Ph.D. alumnus Chengyang Zhang and UNT College of Engineering Senior Associate Dean Yan Huang have made quite an impact. The two researchers recently received the 2019 10-Year Impact Award from ACM SIGSPAITAL, a special interest group within the Association for Computing Machinery (ACM) that focuses on advancing spatial computing.
Published in 2009, the paper – “Map-Matching for Low-Sampling-Rate GPS Trajectories” – was a collaborative project with Microsoft Research Asia and Fudan University.
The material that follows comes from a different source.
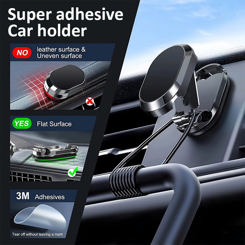 - Multifunctional magnetic car phone holder: This foldable table phone holder for the dashboard in the car is equipped with a foldable function, can be folded when not in use, does not block your view and is easy to store. The 360° rotatable base and allow you to adjust the viewing angle. This magnetic phone holder for car is widely used for dashboard, instrument panel, back of the screen, desk, kitchen, desk and other applicable areas.

“When a GPS records positions, we want to map them to a road network,” said Huang. “This mapping allows us to understand trips, create digital road maps, and perform traffic flow analysis. The accuracy of this mapping process is important. Otherwise, cars can be off road and driving directions can be wrong.”
However, GPS is often not accurate. In an urban canyon environment like the downtown of a major city, GPS signals are often blocked by high buildings and there are not enough available satellite signals to estimate the positioning information. Furthermore, to save energy, large amount of GPS data has low-sampling rate, i.e. sampled 2-5 minutes.
This paper developed a novel method to achieve higher accuracy for map matching from low-sampling rate trajectories. The idea is to incorporate common sense into the calculation and find the best matching for all points collectively.
“We know road networks follow spatial geometric and topological structures and paths tend to be direct, rather than roundabout. We also know that true paths tend to follow the speed constraints of the road. By adding those into the algorithm design, we can significantly improve the mapping accuracy,” said Huang.
Zhang graduated 2011 from the Department of Computer Science and Engineering and now works at Amazon.